En 1978, el Tribunal Supremo de Estados Unidos dictaminó que un organismo conocido como la Comisión Federal de Comunicaciones tenía derecho a decidir, según su propia escala de valores, qué contenidos eran demasiado indecentes como para ser emitidos en los medios.

Los tres hechos anteriores están relacionados. Y, según Carlin, las siete palabras sucias que nunca podías decir en televisión eran «mierda», «mear», «follxx», «coxx», «chupapollas», «hijo de put*» y «t*tas» («shit», «piss», «fuck», «cunt», «cocksucker», «motherfucker» y «tits» en el original).

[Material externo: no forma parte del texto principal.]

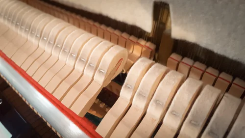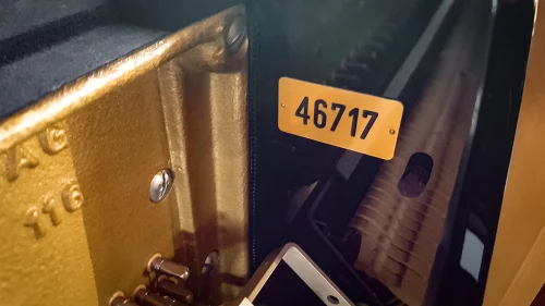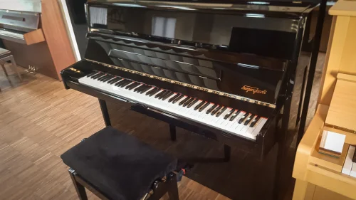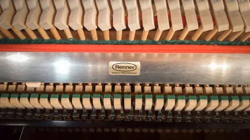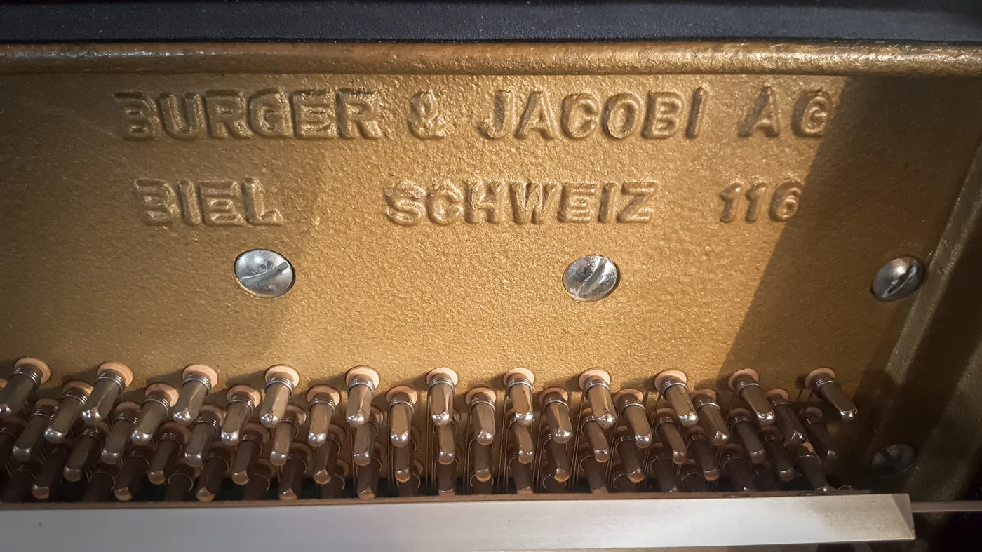 Stattliches Klavier in schwarz poliert von 1982, ähnlich den College-Modellen von Grotrian-Steinweg ein höheres Studio-Klavier mit angedeuteten Konsolen. Weiterhin gemeinsam mit Grotrian ist den Schweizer Klavierbauern ein sehr hoher Anspruch: das Klavier aus Biel ist Instrumentenbau vom Feinsten! Natürlich mit RENNER-Mechanik mit sehr großen Hämmern ausgestattet läßt ein Blick auf so ein unscheinbares Bauteil wie den Moderator das Klavierbauerherz höher schlagen: dort ist ein textiles Gewebeband an die Moderatorleiste geklebt, welches wiederum an den Moderatorfilz genäht ist. Dadurch hängt der Filz immer senkrecht nach unten und verhakt sich nicht mit den Stimmwirbeln, was bei anderen Fabrikaten oft genug passiert.
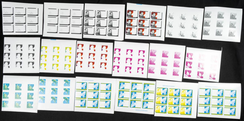 |**|Yvert B114. 1981. J. Kepler. Group of progressive plate proofs of the set. TO EXAM. Description of lots is limited to the cataloguing of the stamps and their characteristics. The total of the material included in each case
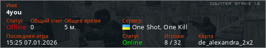 Играет на Counter Strike 1.6 сервере. Страна: УкраинаПервый раз замечен 14:15 07.01.2026
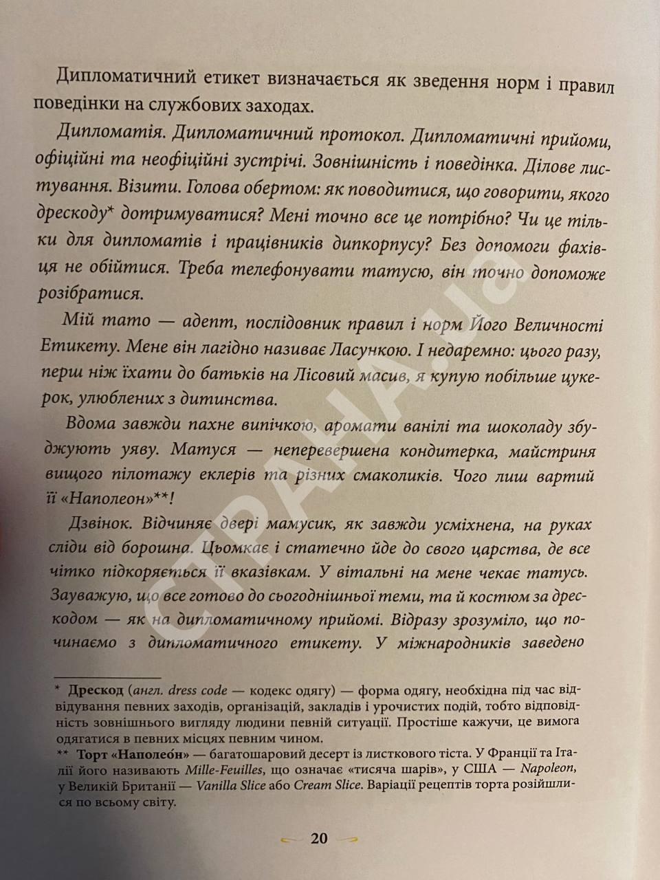 Если убрать из книги лирические отступления на тему ревности, сладостей и танцев (и дифирамбы отцу), останется только сухое перечисление общеизвестных фактов об этикете, напоминающее выдержки из "Википедии": "Дипломатический протокол — это…". Самое смешное, что в некоторых местах автор прямо ссылается на "Википедию": "Определение дресс-кода в Википедии звучит так:…".
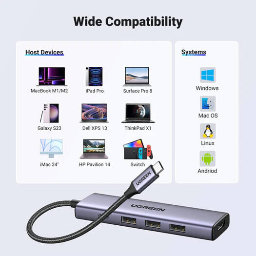 - Ultra Slim Design: Weighing just 76g and measuring 16mm thin, the UGREEN USB-C Hub is ideal for on-the-go productivity.
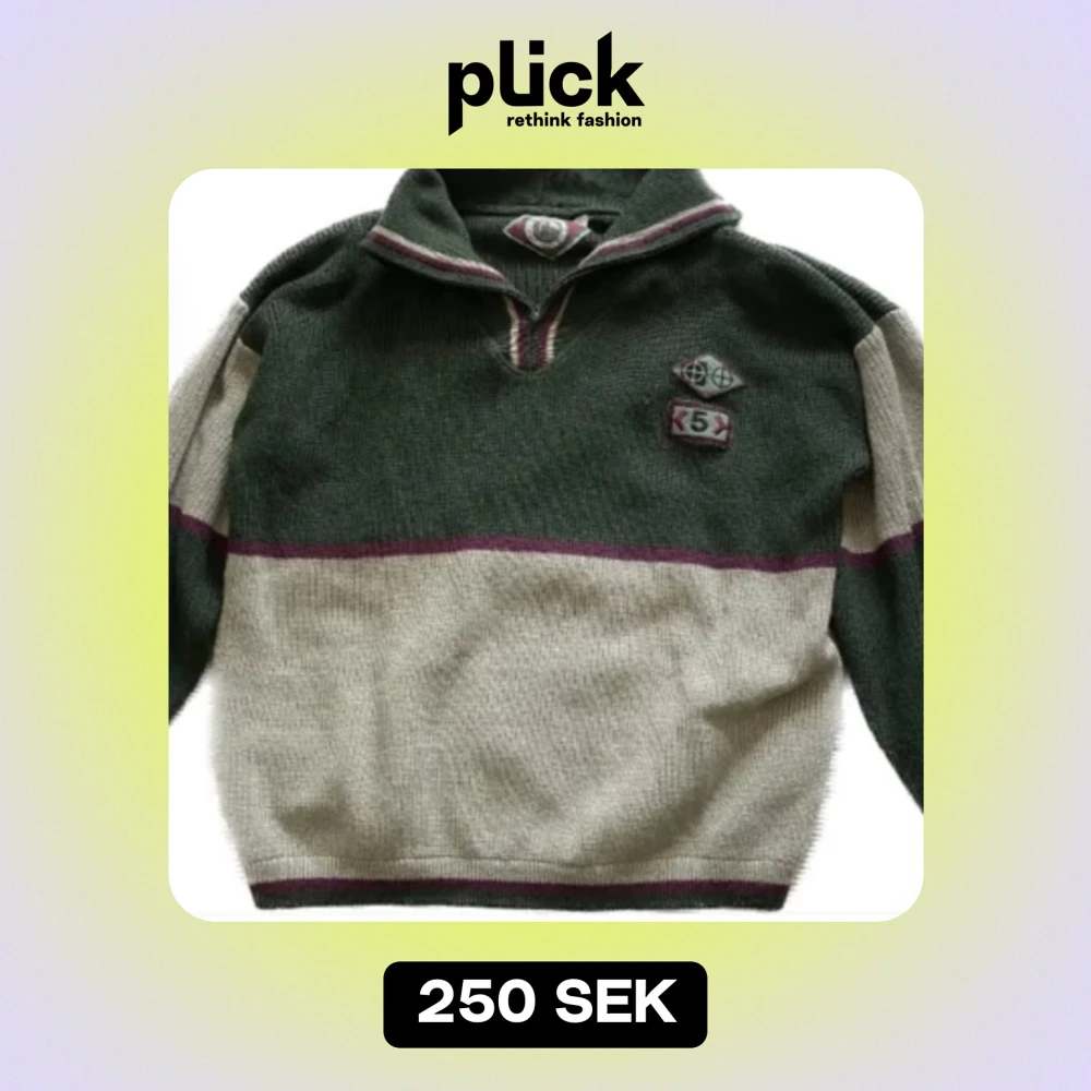 Retro varmare tröja i 50% ull. Går att dra upp dragkedjan till polokrage.
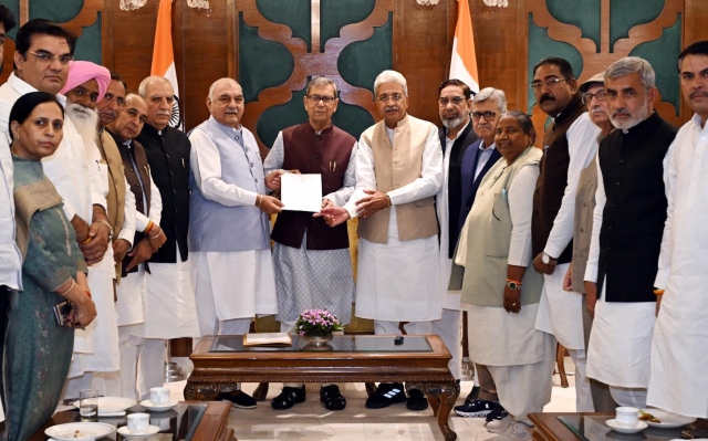 भूपेंद्र सिंह हुड्डा और राव नरेंद्र के नेतृत्व में कांग्रेस विधायक दल ने राज्यपाल को सौंपा ज्ञापन
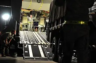 The squadron operates eight Boeing C-17 Globemaster IIIs, the first of which entered service in December 2006.[2][7] The eighth and last was delivered in November 2015.[7] The aircraft are generally crewed by two pilots and a loadmaster, the latter being responsible for the loading, carriage and unloading of cargo or passengers. The C-17 can carry 70 tonnes of equipment, and is large enough to accommodate helicopters, tanks and other military vehicles. It can also carry over 130 passengers, and is designed for aerial despatch of paratroops or cargo. The C-17 has a range of some 10,000 km (6,200 miles) and is able to operate from short and unsealed airstrips.[2][8] Flown with a joystick and fly-by-wire controls, the aircraft is also highly manoeuvrable and responsive considering its size.[9] It can be refuelled in flight by the Airbus KC-30A Multi Role Tanker Transports operated by No. 33 Squadron.[10][11]
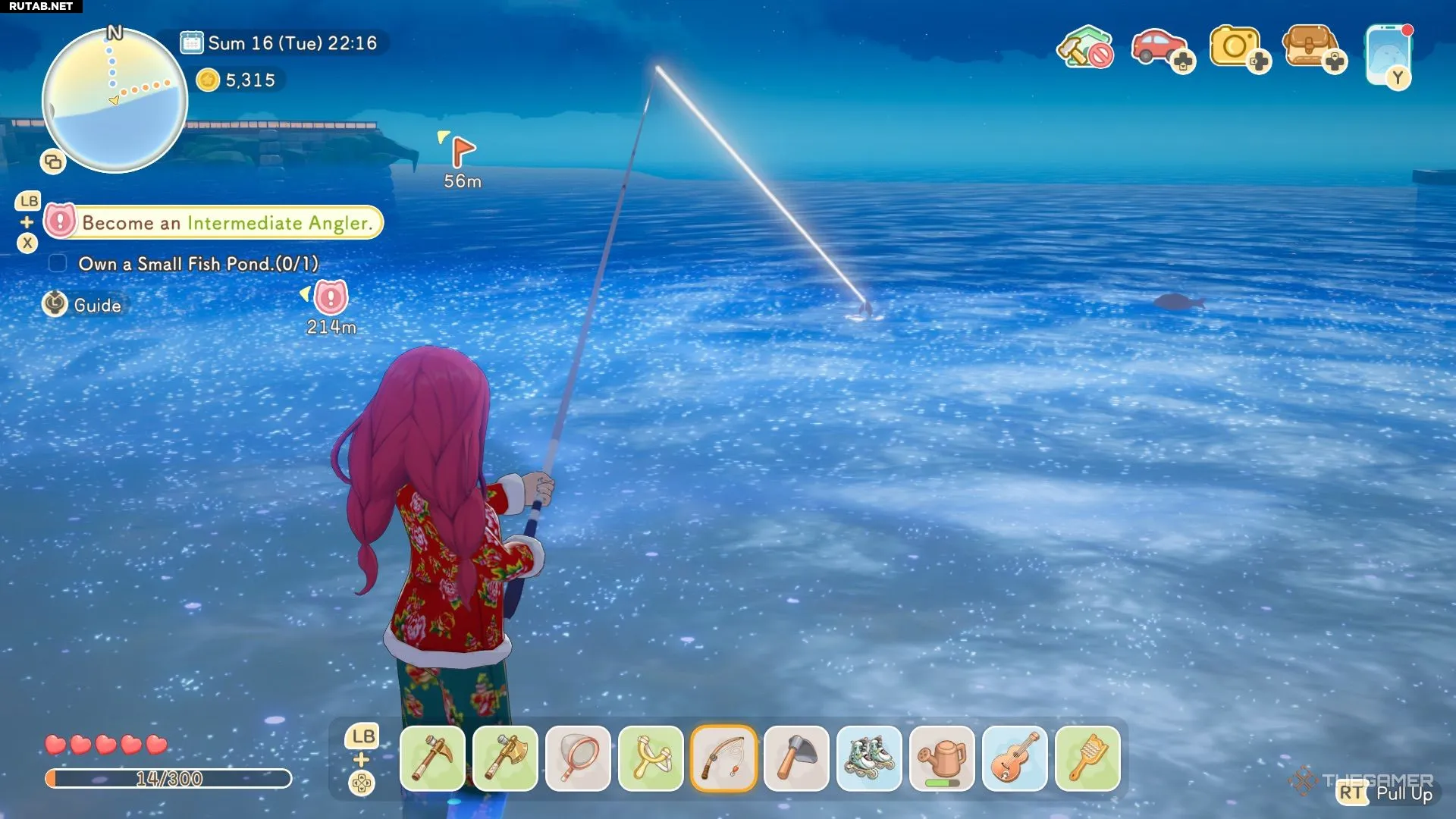 Чтобы забросить удочку, зажмите иконку рыбалки, удерживая удочку в руках, чтобы прицелиться. Отпустите, чтобы закинуть крючок в воду, и ждите, пока рыба клюнет.
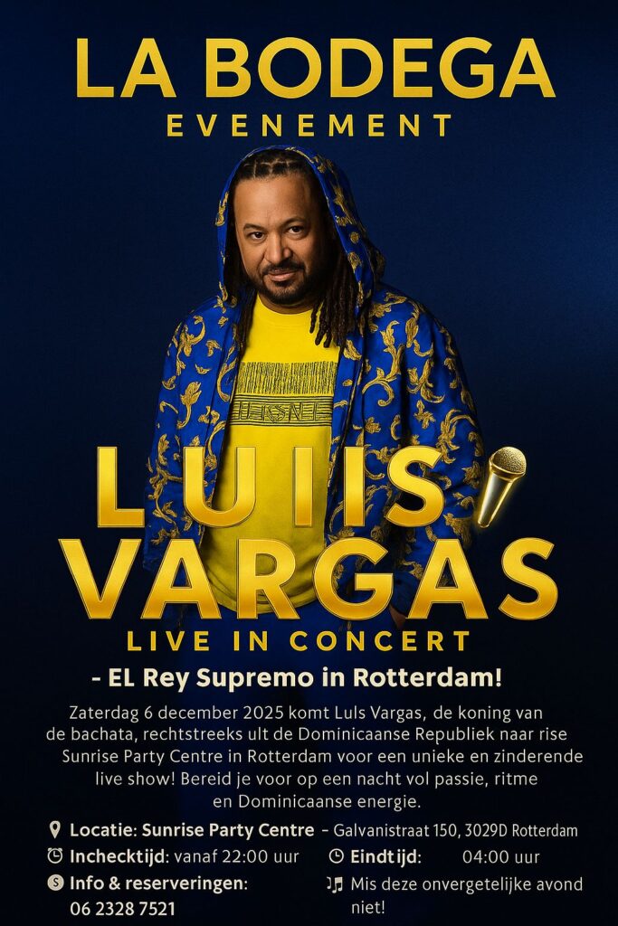 Beleef een onvergetelijke avond met de legendarische Luis Vargas. Verwacht pure bachata-vibes, live performance en een feest dat je niet wilt missen. Boek je VIP-tafel of tickets nu en wees erbij!

El chico del «Harlem blanco» que se creía un cómico

Cuando George Carlin nos dejó en 2008 a los setenta y un años, su figura estaba enmarcada en el imaginario popular como la de un cómico ácido y contracultural. Una silueta de comediante rebelde con la que Carlin no había nacido artísticamente, sino que se había tallado de manera consciente en una maniobra arriesgada comparable al derrape que coloca un vehículo en la dirección contraria. Porque estamos hablando de alguien que, unos pocos años antes de escupir las Siete Palabras Prohibidas, se había convertido en toda una estrella cultivando un humor convencional y seguro. Un artista asentado que vestía de manera impecable con traje y corbata (al igual que todos los cómicos mediáticos de los sesenta), cobraba al año un cuarto de millón de dólares (que ahora equivaldrían a un kilo completo) y se desplazaba hasta sus actuaciones en un jet privado. Pero de repente, aquel simpático humorista que ponía vocecillas optó por desaparecer y dejar paso al cómico que titularía uno de sus álbumes como La verdad es que disfruto cuando se muere un montón de gente, al hombre que con un monólogo sobre las palabras que no se pueden decir propició (sin querer) una reforma de las leyes para censurar que se dijeran ciertas palabras. Al mismo que dinamitó un lucrativo contrato con el hotel casino MGM Grand de Las Vegas tras una actuación donde se dirigió a una persona descontenta de la audiencia para invitarla a que, si eso, le comiera la poxx.

George Carlin nació en el Manhattan de finales de los años treinta siendo el hijo de la pareja formada por una irlandesa estadounidense y de un inmigrante irlandés cuya madre se había cambiado el apellido de «O’Grady» a «Grady» al llegar al país («Arrojó la “O” al océano durante la travesía hasta aquí», bromearía el cómico). Abandonado por su padre cuando tan solo era un bebé, el pequeño Carlin creció junto a su hermano, Patrick Carlin, en el barrio neoyorquino de Morningside Heights, un lugar al que ellos apodaron «el Harlem blanco» para dárselas de jóvenes malotes creciendo en suburbio duro. Su educación se inició en una escuela católica, la Corpus Christi Church, y continuó en la Cardinal Hayes High School en la que también estudió Martin Scorsese, un instituto del Bronx del que sería expulsado cuando tan solo contaba quince años. Y unas aulas donde su nombre se convertiría en leyenda para generaciones posteriores de alumnos gracias a las referencias al instituto que Carlin colaría en sus monólogos, coñas muy vitoreadas entre aquellos estudiantes de Hayes.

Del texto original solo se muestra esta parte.